Saturday, December 11, 2010

THE COMPANY MEN is the politically enlightened feel-bad movie of the year, about a bunch of laid-off workers in the New Depression. Since retail clerks, car washers, and teacher's aides would be too downbeat, our heroes are all making hundreds of thousands of dollars for a megacorp when they are brought low.

Ben Affleck (the youngish $160K salesman) is an entitled asshole who gets worse under the pressure of failure until he is spiritually transformed by a job building houses for his gold-hearted, earth-salty fatherbrother-in-law (Kevin Costner). This leaves the big-picture suffering to the big wheels: Chris Cooper, a former shipbuilder who rose with the firm and, cut loose in his 50s, takes to drink; and Tommy Lee Jones, a top exec whose longtime friendship with the CEO counts for nothing, leaving him to brood, if in high style, on the unfairness of it all.

"All" includes Jones' speech at a rotting shipyard: "We used to make something here, back before we got lost in all the paperwork…6,000 men earning an honest wage in that room, fed their kids, bought homes, made enough to send their kids to college," etc. And Costner scoffing at a CEO's salary, "is [he] working 700 times harder than the welder pounding hot rivets into a tanker hull all day?"

This is corny but not wrong, which I could say about the whole movie. Even those of us who never saw a sixth figure in our entire working lives can relate to the mood-swings, frustrations, and humiliations of long unemployment in a rotten economy, even when they are suffered by people with greens fees who are forced by cruel circumstance to sell the Porsche. And audiences would probably prefer to see Ben Affleck sliding from a McMansion to his parents' perfectly nice house, rather than from crappy apartment to shelter or street.
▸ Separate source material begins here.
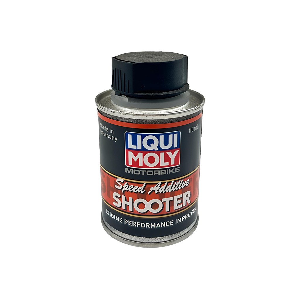 LIQUI MOLY 力魔 SHOOTER 4T 機車汽油效能提升劑,專為四行程機車設計,有效提升汽油效能,讓您的愛車重拾活力。這款汽油精採用最先進技術,能深層清潔引擎,加速性能,使您的機車運行更順暢、更高效。每瓶80ml,適用於10公升汽油,每次加油皆可使用,方便快捷。德國原裝進口,品質保證,讓您安心使用,體驗速度與清潔的完美結合。選擇力魔,為您的愛車提供最佳呵護。
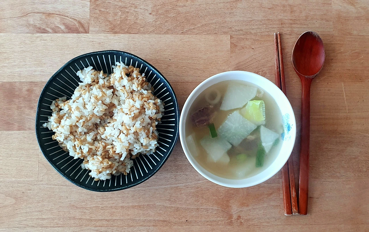 오늘의 한끼는 귀리밥과 소고기 무국이다. 제철인 무를 넣은 무국은 가을과 겨울에 먹기 좋은 음식이다. 액젓과 새우젓으로 간을 한 소고기 무국은 두 그릇을 먹어도 살찔 걱정을 하지 않아도 된다. 귀리를 섞어 지은 밥은 식감과 포만감뿐 아니라 영양도 풍부하다고 알려져 있다. 특히 혈당수치를 천천히 올려준다고 해서 꾸준히 먹고 있다. 탄수화물을 너무 적게 먹으면 오후에 에너지가 딸리고 저녁 공복을 참기가 더 힘들어지기때문에 1일1식을 할때 탄수화물을 지나치게 제한하고 있지 않다. 대신 탄수화물을 먹는 순서를 채소-단백질-탄수화물 순으로 되도록이면 나중에 먹으려고 노력하고, 정제된 탄수화물이 아닌 좋은 탄수화물을 먹으려고 애쓴다.

Whether they'll be cheering when [spoilers alert] Affleck and a bunch of other rejects gets a second chance because the rich guy with a conscience decides America will start building things again, dammit, is another matter. The Company Men is rife with Bad Hollywood earmarks. Tommy Lee Jones has an affair with Maria Bello, for one thing, fulfilling the tinseltown tradition of hot chicks nuzzling grizzled old men and no other need. Even when the situations are realistic, the dialogue is mostly formula. In fact the formula is formula; Affleck's construction-jawb buddies are all out of the file drawer (good fellas, though one is arrested for drunk and disawderly) and his Mrs. and young Bawby are still wearing their Supportive Family tags.

This might have been better directed by Oliver Stone at his most coked-up, inflating everything to cosmic scale. But Stone isn't what he used to be, as proven by Wall Street: Money Never Sleeps, another disaster with an incongruously happy ending (with flashes of the old glory, like a financial collapse symbolized by actual falling dominoes). Maybe ships aren't the only thing America no longer knows how to build.